2. G.R.E. Phillips and L.H. Hunt, Writing Essays and Dissertations,
3. G Campbell, The Little Black Book. (available in the bookshop).
Students are required to pay careful attention to spelling, expression, and legibility in the writing of their essays. There should be a margin on the left hand side of each page. Students should keep a copy of the essay submitted.
Plagiarism is taking another person’s ideas and presenting them as your own, that is, without acknowledging the original source. You must acknowledge your sources of information including both direct and indirect quotations. A direct quotation must always be in inverted commas or in another style that indicates that it is a direct quotation. Your assignment must not consist of only quotations.

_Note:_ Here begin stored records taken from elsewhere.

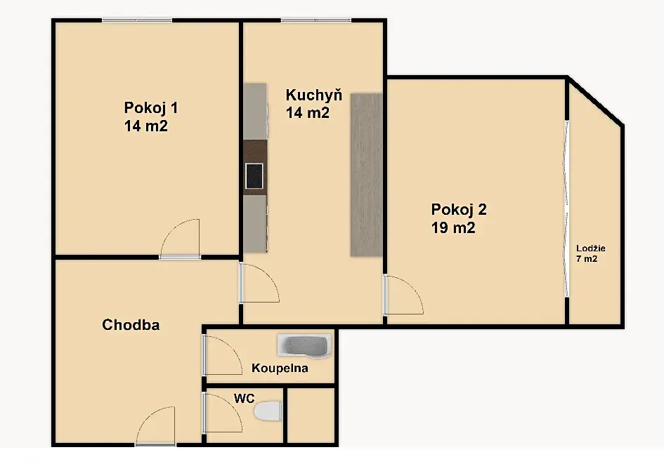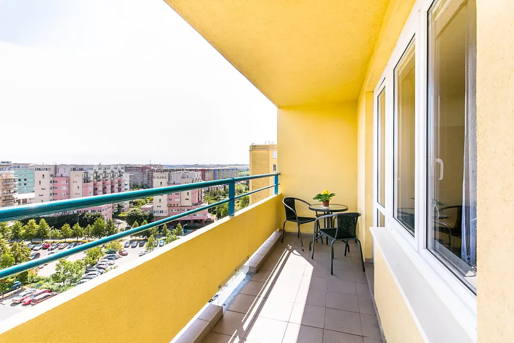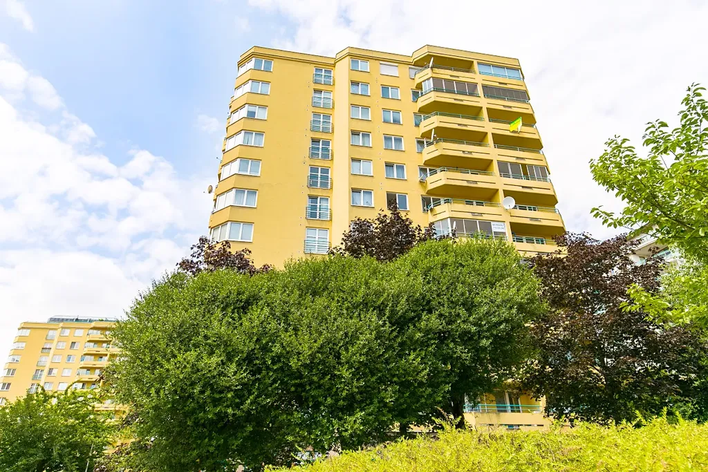 Byt se nachází v 9. patře udržovaného jedenáctipatrového cihlového domu s výtahem. Dispozice nabízí dva neprůchozí pokoje (14 m² a 19 m²) a samostatnou kuchyň s jídelnou (14 m²), která poskytuje dostatek prostoru pro každodenní komfort. Z předsíně je vstup do koupelny a na oddělenou toaletu. Z jednoho z pokojů je přímý vstup na lodžii s volným a klidným výhledem do okolí. Orientace bytu na východ a sever zajišťuje příjemné denní světlo bez přehřívání.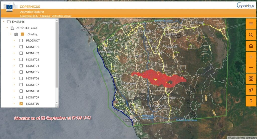 Estas estimaciones de Copernicus están realizadas antes de que en la noche del miércoles la lava avanzara y alcanzara el mar en el municipio de Tazacorte.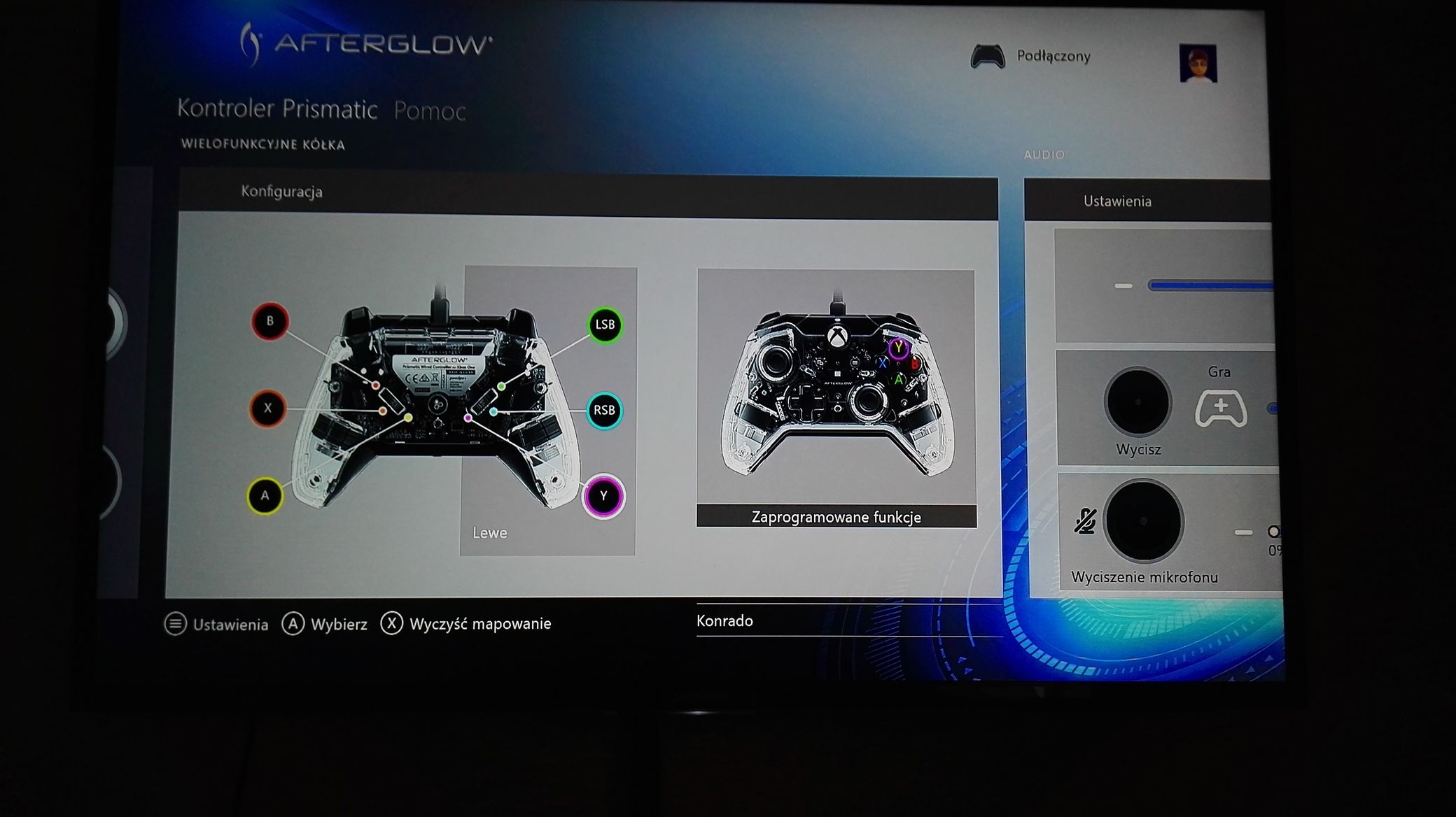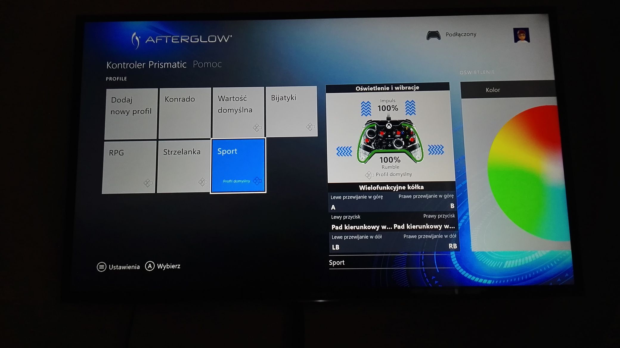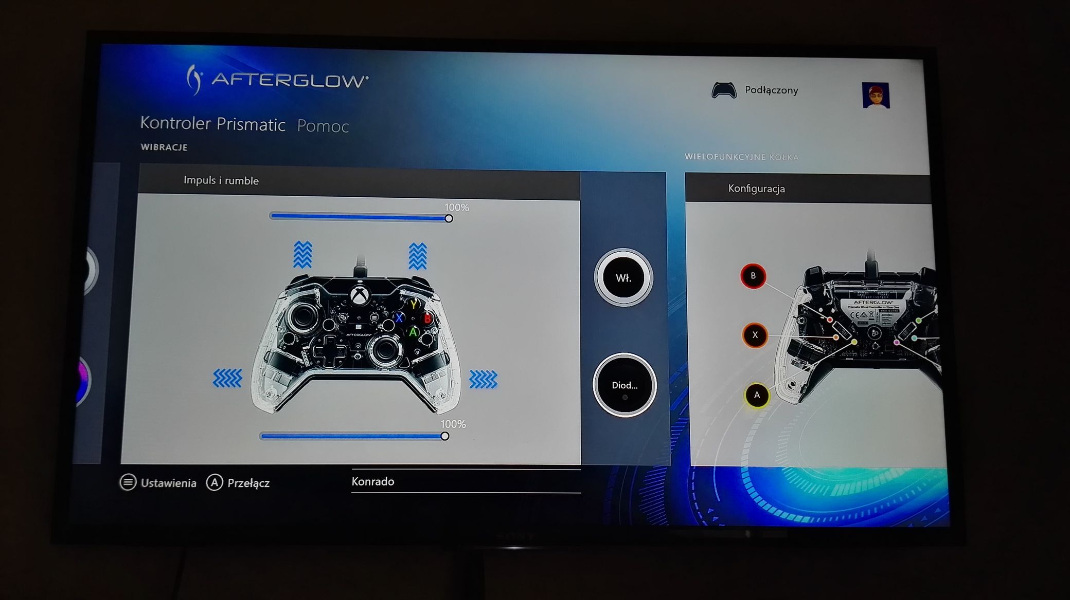 To jeszcze nie koniec możliwości PDP Afterglow. Kontroler posiada na Xbox One dedykowaną aplikację, która – ku mojemu wielkiemu zaskoczeniu – jest w polskiej wersji językowej. Dzięki tej aplikacji możemy dostosować wszystkie funkcje kontrolera. Oczywiście na start dostajemy pięć gotowych profili przygotowanych przez PDP: do gier sportowych, bijatyk, wyścigów oraz strzelanek. Gdy zdecydujemy się na własny profil, to możemy sobie konfigurować takie funkcje jak: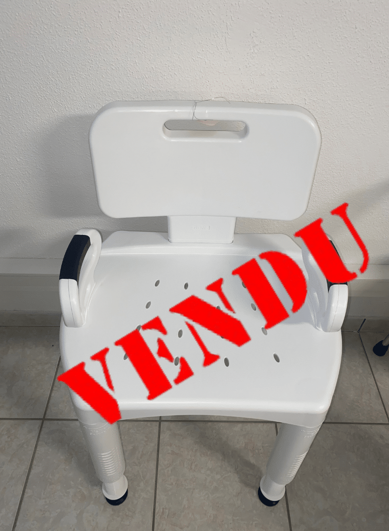 Chaise de douche solide et légère avec dossier et poignées amovibles.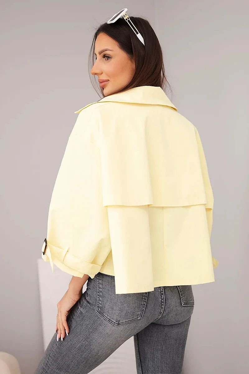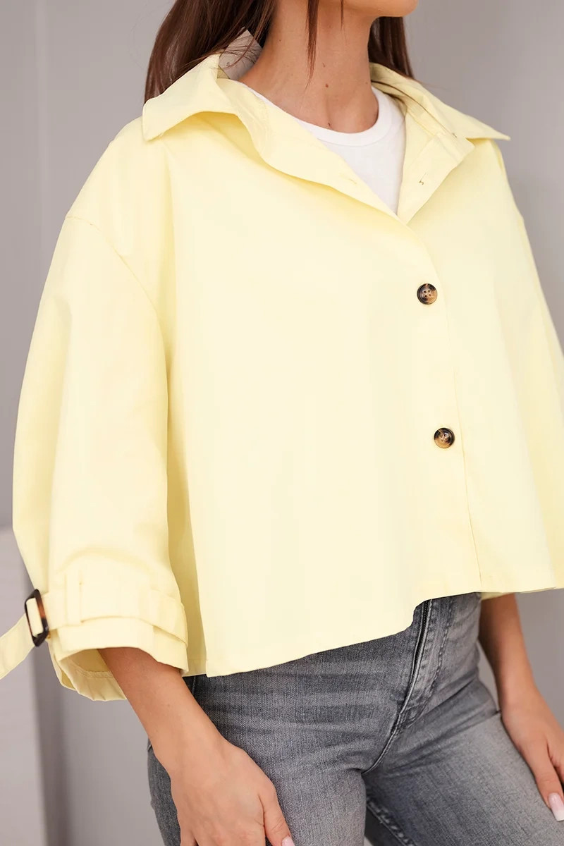 Dámská bunda krátkého střihu je stylovou a moderní nabídkou pro ženy, které oceňují módní vzhled a pohodlí v každodenních outfitech. Model se vyznačuje jednoduchým, lehce oversize střihem, který se hezky přizpůsobí postavě a poskytuje volnost pohybu. Klasický límec a zapínání na knoflíky dodávají celku elegantní charakter, díky čemuž bunda skvěle funguje jak v casual, tak i ve více propracovaných kombinacích.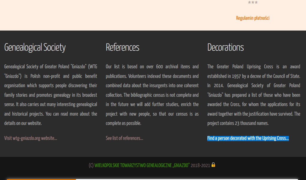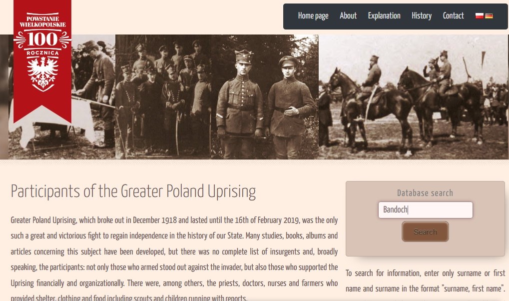 From a huge number of sources, scattered across many archives and other institutions, the Greater Poland Genealogical Society (Wielkopolskie Towarzystwo Genealogiczne) has created a database with biograms of Greater Poland insurgents.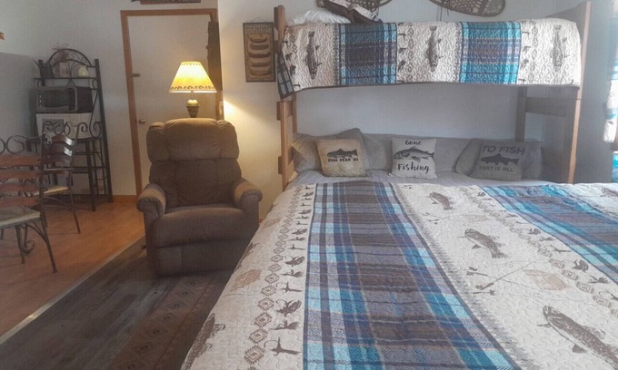This accommodation has a king bed, a bunk bed with a futon on the bottom and single on the top. It has a fully equipped eat in kitchen, Direct TV w/ HBO & Wifi, outdoor fire pit and charcoal grill.

Plagiarism is regarded as a form of theft or cheating. It is a serious offence and will be dealt with seriously, including a fail grade in this subject.
Students should use the Turnitin software to check their assignments for poor referencing and plagiarism. Software such as “turn it in” and others are available.
• Typed preferably and double-spaced
• Title page with student name and number, Subject code and name, topic
• A4 paper
• Sequential page numbering
• No folders
Assignments must be typed (word processor), using one side of the page only and leaving a wide margin. The word limit is 2,000 words.
Students who believe that they have a genuine case for extension of time must lodge a formal written application for such an extension, stating relevant grounds and attaching supporting documentation. Such application must be made at least seven (7) days before the due date for submission. Should the extension be granted then a new deadline will be set.
Late submissions of the assignment will incur a penalty mark of one (1) mark per day. Marks may be deducted in respect of essays which are excessive in length.
The assignment will have a value of 30% for final assessment.